Going back to the weather data, we really need to be able to track these types of events in real time. Bringing in weather underground data might fill some of the data holes in the centre of London, if we can overcome the accuracy problems, but there are satellite instruments that we could use as well. I’ve always wanted to be able to plot the position of the jet stream on a map, using the upper air data (PILOTs and TEMPs). Hopefully, using the Met Office’s Datapoint data, weather underground and the data on the GTS feed, we should be able to integrate everything together to give us a clue as to the bigger picture.

Realtime 3D Tube Trains

I’ve been working on the infrastructure to deliver real time data to a web page running WebGL for a while. The results below show locations of all tube trains in London as reported by the TfL Trackernet API.

Trackernet-3d-realtime

3D visualisation of London tube trains using the Trackernet API at 14:20 on Monday 24 June 2013

The following link shows a movie which shows the trains moving:

http://youtu.be/3CnQ_ilx9RU

The average time taken for a tube to go between two stations on the London Underground is about 2 minutes, but it’s still surprising to see how slowly they move at this scale.

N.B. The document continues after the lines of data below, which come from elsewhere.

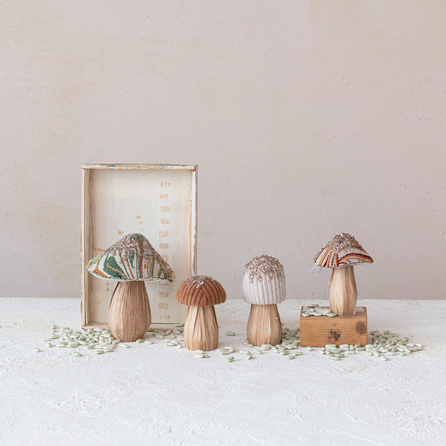 Fabric Topped Foam Mushrooms w/ Wood Base, Set of 4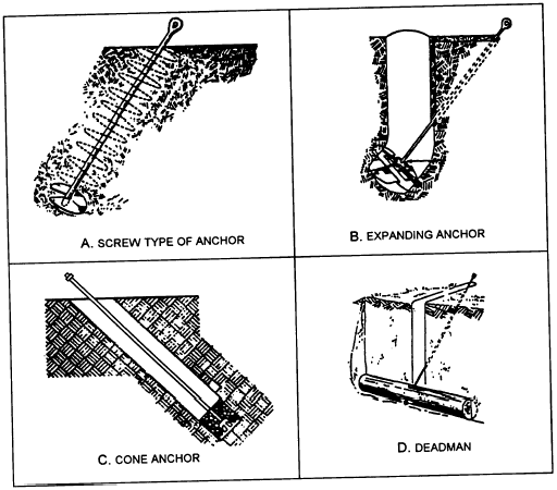 Figure 2-7.Anchors. proper anchoring and guying of pole lines is essential. These precautions also help to support poles that are set in sandy or swampy ground, and they counteract added strains caused by the elements, such as high winds, snow, and ice. Various types of guy anchors have been developed to hold imposed loads securely in varying soil conditions. Some of these types are shown in figure 2-7. There are many different uses of guys, some of which are shown in figures 2-8 through 2-13. Each usage has its own terminology as follows:1. DOWN GUYS. The most common type of guy is the down guy. With this type of guy, the wire is run from the top of the pole to an anchor in the ground. Some common uses of the down guys areas follows:a. SIDE GUY. A side guy (fig. 2-8) is used to reinforce a pole line against an unbalanced side pull of the conductors. Such pulls are developed at curves, angles, or sharp turns in the line.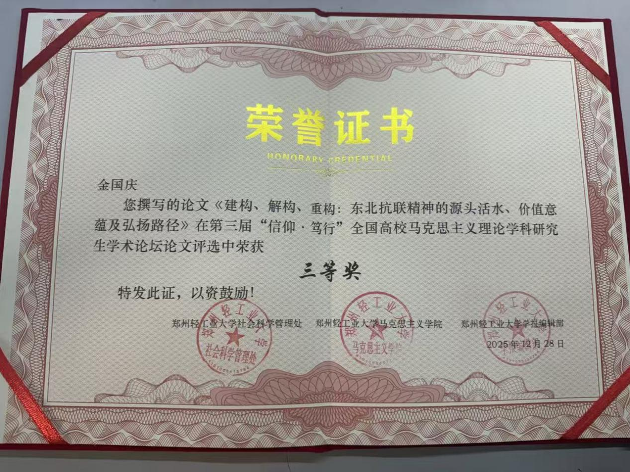 刘俊丽教授指导的硕士研究生金国庆所撰论文《建构、解构、重构:东北抗联精神的源头活水、价值意蕴及弘扬路径》荣获学会2025年学术年会征文三等奖。

The map shows the Thames and a 300 metre square block of buildings taken from the OS Open Data release. I’ve randomised the building heights rather than joining with the Lidar data for now, but it gives an impression of the level of data that can be represented using WebGL. Both of these datasets originated as shapefiles in OSGB36, which I reprojected into Cartesian ECEF coordinates. A certain amount of geometry conditioning is necessary to remove degenerates and tidy up holes in polygons before the geometry is correct for three.js to handle. I used a workflow of Java and Geotools to reproject and save a Collada file, which I then loaded into 3DS Max to clean and texture before exporting the final version which you see on the web page. I also experimented with GeoJSON, but Collada worked much better for the 3D nature of the data.

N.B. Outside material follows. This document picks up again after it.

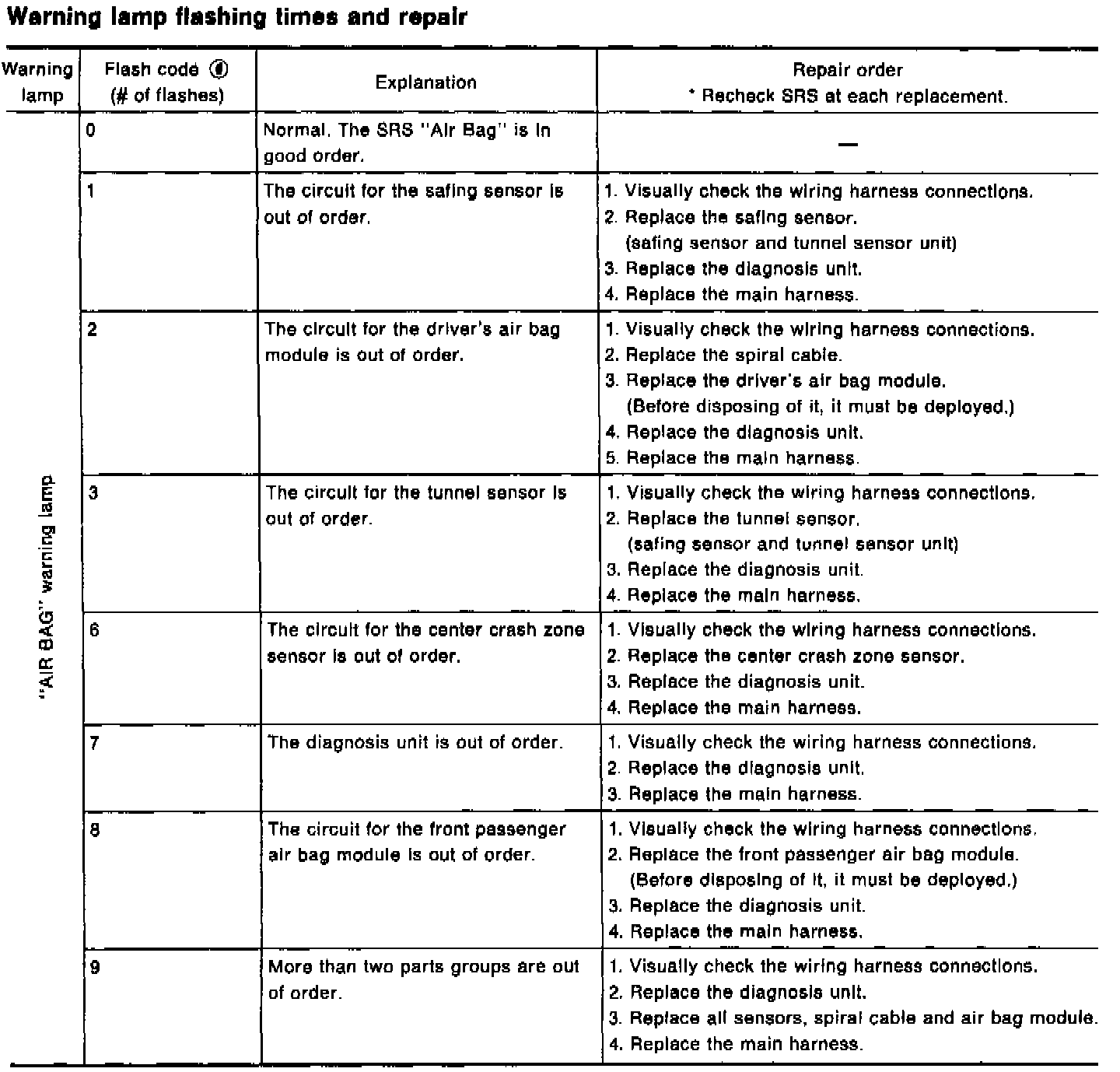 Warning Lamp Flash Code Chart

The coloured lines of the tube network are another Collada file, built from a network graph with straight lines between stations. This is actually 3D, using the station platform heights that TfL released, but as there is only a 100 metre variation across the whole tube network the heights aren’t really visible at this resolution. In order to make the trains move, I have a web service that returns a CSV file containing tube locations, direction of motion and time to next station. This is the point where I have to admit that the locations aren’t true real time, as I can only get position updates from the Trackernet API every 3 minutes. This means that there needs to be Javascript code on the page to query the latest position update and continue moving the trains towards their next stations according to their expected arrival times until the next data update is available. This requires something similar to an agent based model to animate the tube agents using the latest data and a network graph structure describing the tube network. The network file is in JSON format with runlinks in minutes between adjacent stations, taken from the official TfL TransXChange data. Without this it wouldn’t be possible to move the tubes along the track at the right speed in the right direction.

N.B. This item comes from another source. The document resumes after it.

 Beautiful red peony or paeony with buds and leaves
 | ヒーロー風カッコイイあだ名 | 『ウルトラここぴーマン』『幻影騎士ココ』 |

That’s the situation for 700 tube trains, but 10,000 buses is a completely different matter. Tests with the Countdown data show that the frame rate drops significantly with 10,000 agents, so level of detail looks like the key here. Also, one potentially interesting twist is that TfL’s Countdown system for buses has a message passing structure, so is potentially closer to true real time than the tubes.

Finally, it really needs a better rendering system as it could look visually so much better, but what you see is the limit of my artistic talent.